1917, Von Lengerke & Antoine Sporting Goods Exclusively

I know that blogging has now been replaced with Instagram and whatever the social media platform of the week happens to be, but I can tell you that having a more permanent place on the internet can really pay off. The biggest advantage seems to me to be that having a site that is searchable by google brings the blogger into contact with  all sorts of people.

My favorite type of such people is the one who is searching an item she has in her possession, but doesn’t know what to do with it. Through the miracle of Goggle this person finds me, and by the end of our email exchanges, the item is on its way to me. In this case, my new best friend, Joanna, had an old catalog from Von Lengerke & Antoine, a Chicago sporting goods store that was bought by Abercrombie & Fitch in 1928.
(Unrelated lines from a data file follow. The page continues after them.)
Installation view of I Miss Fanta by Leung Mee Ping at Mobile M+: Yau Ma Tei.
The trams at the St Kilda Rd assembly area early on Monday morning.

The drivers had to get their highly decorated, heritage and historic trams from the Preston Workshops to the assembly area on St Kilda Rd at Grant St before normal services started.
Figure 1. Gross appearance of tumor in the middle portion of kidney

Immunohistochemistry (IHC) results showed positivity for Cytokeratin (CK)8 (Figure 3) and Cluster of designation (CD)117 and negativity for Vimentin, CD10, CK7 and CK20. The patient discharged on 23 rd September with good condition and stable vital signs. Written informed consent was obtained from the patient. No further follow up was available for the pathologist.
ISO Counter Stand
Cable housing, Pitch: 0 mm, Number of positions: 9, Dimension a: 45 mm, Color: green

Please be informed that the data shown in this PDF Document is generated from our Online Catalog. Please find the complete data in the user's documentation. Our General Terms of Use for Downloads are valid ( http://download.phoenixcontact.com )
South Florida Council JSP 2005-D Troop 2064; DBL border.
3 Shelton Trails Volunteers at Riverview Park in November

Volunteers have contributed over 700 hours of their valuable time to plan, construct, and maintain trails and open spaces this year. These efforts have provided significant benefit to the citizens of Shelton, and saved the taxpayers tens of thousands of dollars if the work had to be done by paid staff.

This catalog predated the acquisition, and looked to be about 1920 to me. There was no date on the catalog, but using the No. 53 designation on the cover and the fact they released about two catalogs a year put date at 1918 or 1919. Whatever; I was thrilled when Joanne offered to send it to me.


There was no date on the cover, nor in any of the pages that give all the information about the catalog, but here in the description of the bathing suit we learn that the 1917 line of bathing suits make up all the latest fashions. The most striking thing about the bathing suit above is the price of it. $50 was a very high price for a swimsuit in 1917. According to the CPI Inflation Calculator, That 1917 $50 would buy $1075 worth of goods today.
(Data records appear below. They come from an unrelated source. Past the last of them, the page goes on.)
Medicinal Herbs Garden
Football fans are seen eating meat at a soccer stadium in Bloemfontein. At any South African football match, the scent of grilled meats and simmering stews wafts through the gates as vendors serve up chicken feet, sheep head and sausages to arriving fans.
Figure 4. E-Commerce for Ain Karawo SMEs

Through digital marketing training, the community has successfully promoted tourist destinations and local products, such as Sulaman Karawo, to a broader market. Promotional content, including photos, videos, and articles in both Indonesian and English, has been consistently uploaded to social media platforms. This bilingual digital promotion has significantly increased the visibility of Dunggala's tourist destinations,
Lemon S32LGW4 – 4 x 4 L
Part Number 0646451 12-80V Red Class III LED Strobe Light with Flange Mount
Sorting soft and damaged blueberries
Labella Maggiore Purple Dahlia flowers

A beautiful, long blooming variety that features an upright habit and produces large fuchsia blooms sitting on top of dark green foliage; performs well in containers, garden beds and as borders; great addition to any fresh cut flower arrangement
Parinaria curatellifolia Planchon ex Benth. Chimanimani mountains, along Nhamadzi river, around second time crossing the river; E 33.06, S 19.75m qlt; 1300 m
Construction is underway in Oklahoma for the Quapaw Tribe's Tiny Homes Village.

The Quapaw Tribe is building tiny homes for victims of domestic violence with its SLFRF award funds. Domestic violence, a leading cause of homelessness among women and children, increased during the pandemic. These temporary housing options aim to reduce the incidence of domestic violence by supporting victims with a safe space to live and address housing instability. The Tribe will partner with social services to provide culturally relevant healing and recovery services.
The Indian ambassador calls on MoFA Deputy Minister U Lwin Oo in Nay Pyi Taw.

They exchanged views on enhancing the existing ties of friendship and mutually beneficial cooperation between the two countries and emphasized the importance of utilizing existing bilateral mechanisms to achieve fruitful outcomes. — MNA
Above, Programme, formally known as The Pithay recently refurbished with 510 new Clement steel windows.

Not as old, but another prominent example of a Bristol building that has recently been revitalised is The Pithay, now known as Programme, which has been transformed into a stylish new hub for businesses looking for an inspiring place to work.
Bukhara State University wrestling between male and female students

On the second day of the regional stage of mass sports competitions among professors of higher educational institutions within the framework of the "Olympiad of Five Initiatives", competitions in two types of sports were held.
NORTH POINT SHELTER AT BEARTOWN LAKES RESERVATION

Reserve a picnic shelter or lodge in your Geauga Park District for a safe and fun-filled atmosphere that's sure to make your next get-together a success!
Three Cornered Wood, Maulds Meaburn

The other styles were more reasonably priced, but even $20 was a big expense for an item that was not truly necessary. Von Lengerke was not for the bargain hunter.
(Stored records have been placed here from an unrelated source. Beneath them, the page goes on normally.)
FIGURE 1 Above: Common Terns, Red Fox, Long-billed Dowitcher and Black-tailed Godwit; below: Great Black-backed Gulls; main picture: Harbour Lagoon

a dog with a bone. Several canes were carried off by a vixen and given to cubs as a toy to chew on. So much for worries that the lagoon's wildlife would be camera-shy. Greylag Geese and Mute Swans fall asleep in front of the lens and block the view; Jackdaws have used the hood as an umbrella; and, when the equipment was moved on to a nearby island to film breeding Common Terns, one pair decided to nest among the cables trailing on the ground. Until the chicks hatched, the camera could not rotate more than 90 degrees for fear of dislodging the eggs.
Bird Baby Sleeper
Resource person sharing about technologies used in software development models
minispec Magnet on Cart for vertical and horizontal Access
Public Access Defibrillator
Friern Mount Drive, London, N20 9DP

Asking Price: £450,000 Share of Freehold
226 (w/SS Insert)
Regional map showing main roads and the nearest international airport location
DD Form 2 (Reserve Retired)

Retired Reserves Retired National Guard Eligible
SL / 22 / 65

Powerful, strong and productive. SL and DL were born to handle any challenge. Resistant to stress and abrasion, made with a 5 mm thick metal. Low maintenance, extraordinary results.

The bathing caps are really interesting, with the two plain styles being for men. The sad thing for collectors is that few of these seem to have survived.

Another must-have item for the 1917 bather was a pair of bathing slippers. These were made of sateen cotton or canvas, and so survive in greater numbers. It’s interesting that these have leather and linoleum soles. All the ones in my collection have canvas soles.

This may be a 1917 catalog, but the Von Lengerke people did not spring for a new illustration for their outing shirts. This one dates to the previous decade, but since the style didn’t change much, why change the illustration?

But here’s where I really get a bad case of antique catalog envy. I’ll take either of these outing hats, please.

The last item is not clothing, but it is such a great example of how technology was changing the way people thought about camping that I had to include it. The auto was taking people places they’d never imagined, but it took a while for the accommodations industry to catch up. In the meantime, auto camping was a good solution to the question of where to spend the night.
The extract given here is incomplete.